**Problem requirements:** Every entry below should be repeated exactly; the pictures should not.

**Records from a data source:**
________

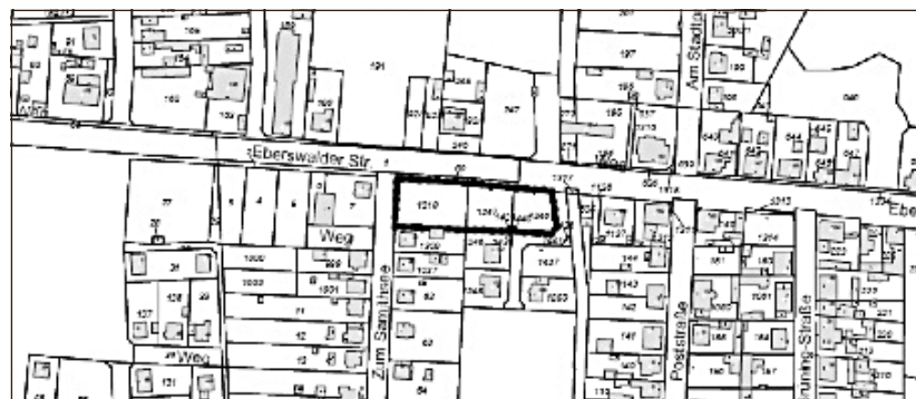
Übersichtsplan (unmaßstäblich) über den Geltungsbereich der 3. Änderung des Bebauungsplanes Nr. 608 „Märkische Heide I“
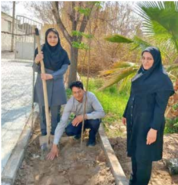
سبزیکاری و گلکاری در خانه بهداشت همت‌آبادآگاه توسط بهورزان
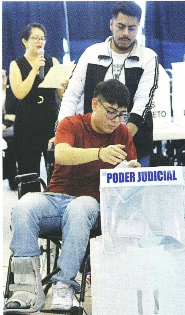
Las casillas están listas para recibir a personas en sillas de ruedas. Votarán en una mesa con una mampara.
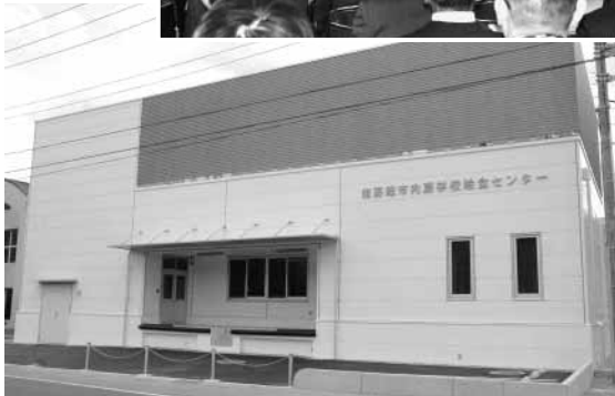
竣工した内房学校給食センター
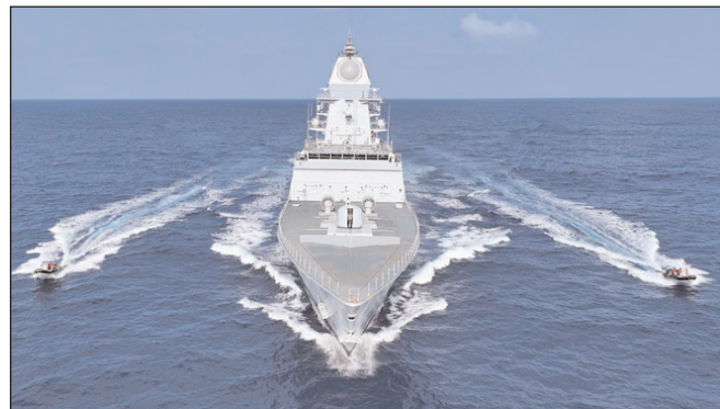
उदयगिरि और आइएनएस तमाल से बड़ी भारतीय नौसेना की ताकत

* मूल्य : 3.00 रुपये * औरंगाबाद एवं बोकारो से प्रकाशित * www.navbihartime.com
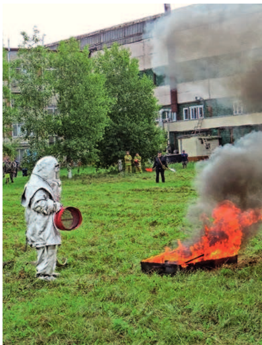
Тренировка на производственной площадке АО «Тюменские моторостроители»

Согласно действующему законодательству Российской Федерации, в каждой крупной компании должны быть созданы подразделения, курирующие направления работы в области гражданской обороны и защиты от чрезвычайных ситуаций. В ООО «Газпром центрремонт» эти функции возложены на специальный отдел — постоянно действующий орган управления корпоративной системы гражданской защиты ПАО «Газпром».

________

**Your solution:**
Übersichtsplan (unmaßstäblich) über den Geltungsbereich der 3. Änderung des Bebauungsplanes Nr. 608 „Märkische Heide I“
سبزیکاری و گلکاری در خانه بهداشت همت‌آبادآگاه توسط بهورزان
Las casillas están listas para recibir a personas en sillas de ruedas. Votarán en una mesa con una mampara.
竣工した内房学校給食センター
उदयगिरि और आइएनएस तमाल से बड़ी भारतीय नौसेना की ताकत

* मूल्य : 3.00 रुपये * औरंगाबाद एवं बोकारो से प्रकाशित * www.navbihartime.com
Тренировка на производственной площадке АО «Тюменские моторостроители»

Согласно действующему законодательству Российской Федерации, в каждой крупной компании должны быть созданы подразделения, курирующие направления работы в области гражданской обороны и защиты от чрезвычайных ситуаций. В ООО «Газпром центрремонт» эти функции возложены на специальный отдел — постоянно действующий орган управления корпоративной системы гражданской защиты ПАО «Газпром».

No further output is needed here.